» Data section:
+---+

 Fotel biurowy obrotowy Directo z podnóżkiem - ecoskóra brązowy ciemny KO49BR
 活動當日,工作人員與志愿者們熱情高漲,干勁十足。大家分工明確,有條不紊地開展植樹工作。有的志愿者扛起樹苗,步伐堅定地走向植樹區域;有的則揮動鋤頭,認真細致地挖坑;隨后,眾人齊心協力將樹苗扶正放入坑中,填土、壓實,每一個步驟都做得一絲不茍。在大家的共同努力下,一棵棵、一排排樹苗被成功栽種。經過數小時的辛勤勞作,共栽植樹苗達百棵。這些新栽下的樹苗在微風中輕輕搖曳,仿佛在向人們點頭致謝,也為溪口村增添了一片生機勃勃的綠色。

+---+

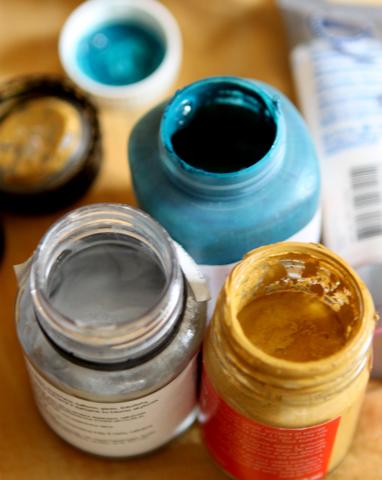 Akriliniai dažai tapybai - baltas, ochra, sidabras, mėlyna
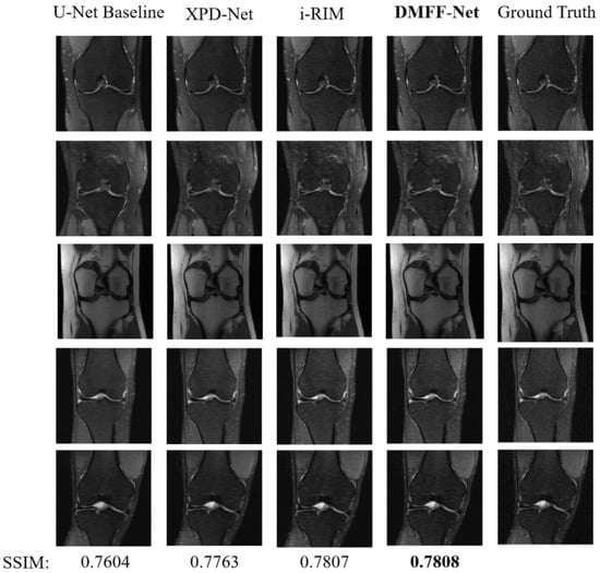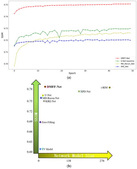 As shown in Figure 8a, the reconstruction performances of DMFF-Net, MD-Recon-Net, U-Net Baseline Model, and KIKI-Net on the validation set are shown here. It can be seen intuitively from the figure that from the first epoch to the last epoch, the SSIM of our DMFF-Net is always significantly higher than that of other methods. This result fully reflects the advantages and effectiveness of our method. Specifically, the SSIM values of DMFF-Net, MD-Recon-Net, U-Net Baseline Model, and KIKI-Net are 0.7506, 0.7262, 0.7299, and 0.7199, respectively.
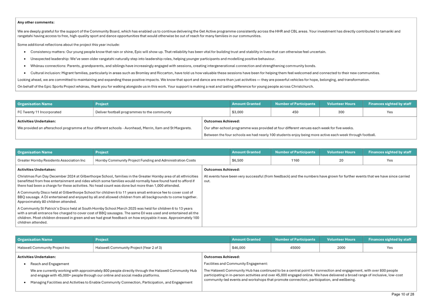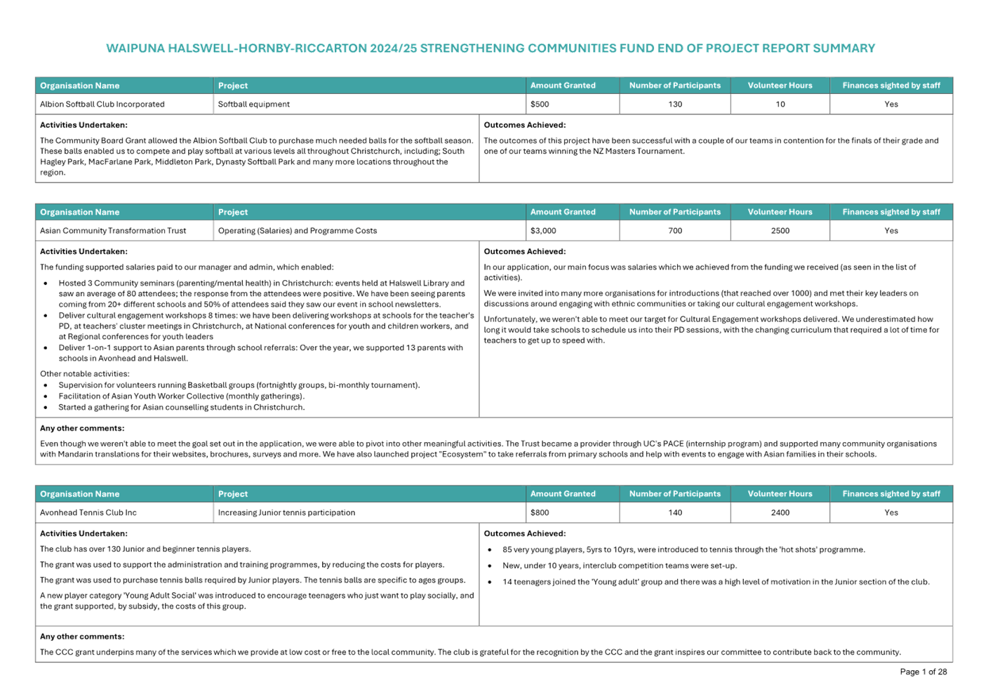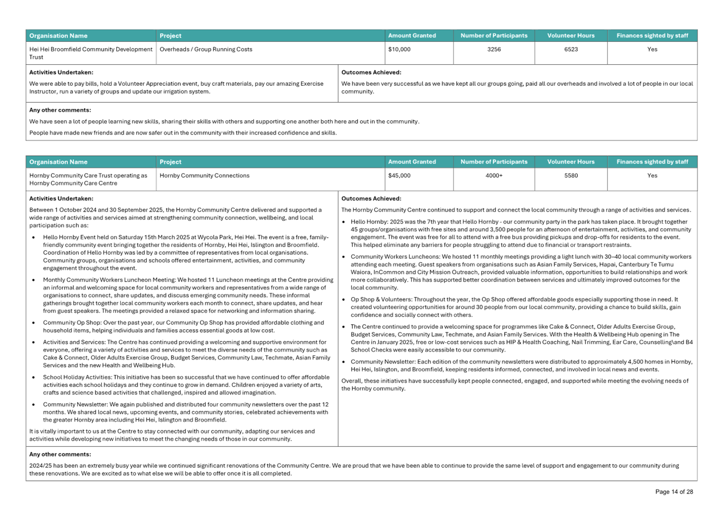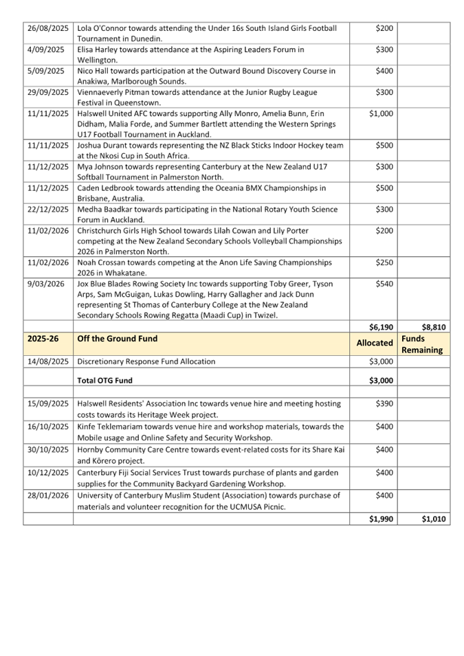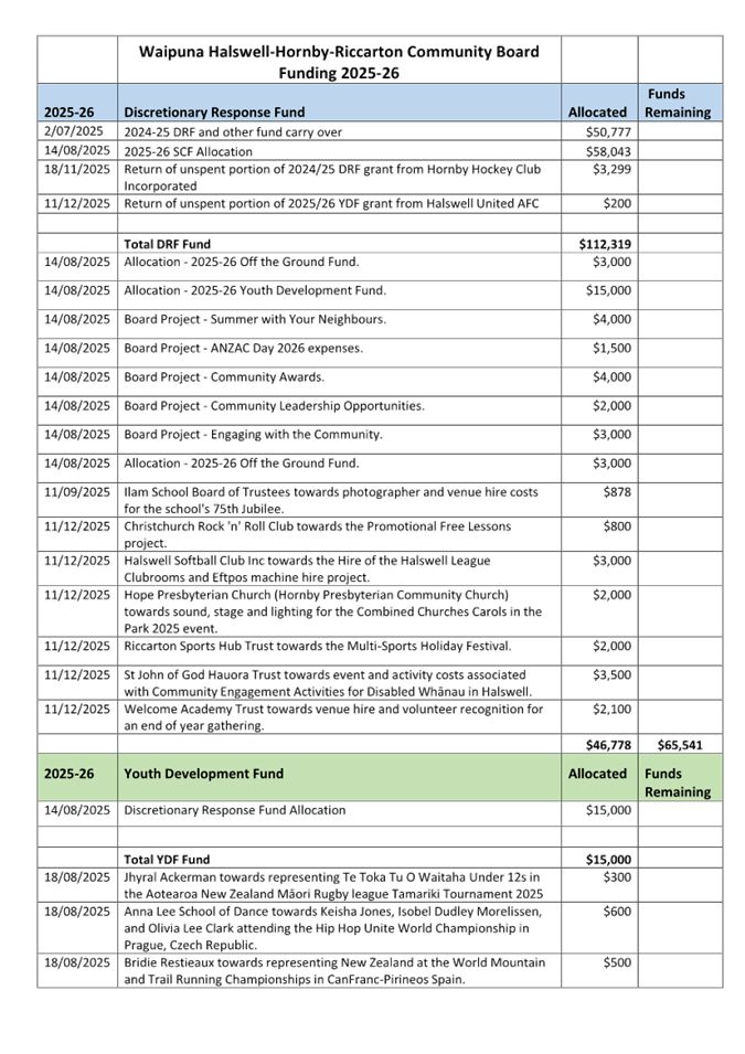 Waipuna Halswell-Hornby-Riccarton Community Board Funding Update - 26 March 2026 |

+---+

» Exercise goal: Beginning with the line above that contains "As shown in" and finishing with the line that contains "Waipuna Halswell-Hornby-Riccarton Community", print those lines exactly and only. Skip all pictures.

» Answer to this exercise:
 As shown in Figure 8a, the reconstruction performances of DMFF-Net, MD-Recon-Net, U-Net Baseline Model, and KIKI-Net on the validation set are shown here. It can be seen intuitively from the figure that from the first epoch to the last epoch, the SSIM of our DMFF-Net is always significantly higher than that of other methods. This result fully reflects the advantages and effectiveness of our method. Specifically, the SSIM values of DMFF-Net, MD-Recon-Net, U-Net Baseline Model, and KIKI-Net are 0.7506, 0.7262, 0.7299, and 0.7199, respectively.
 Waipuna Halswell-Hornby-Riccarton Community Board Funding Update - 26 March 2026 |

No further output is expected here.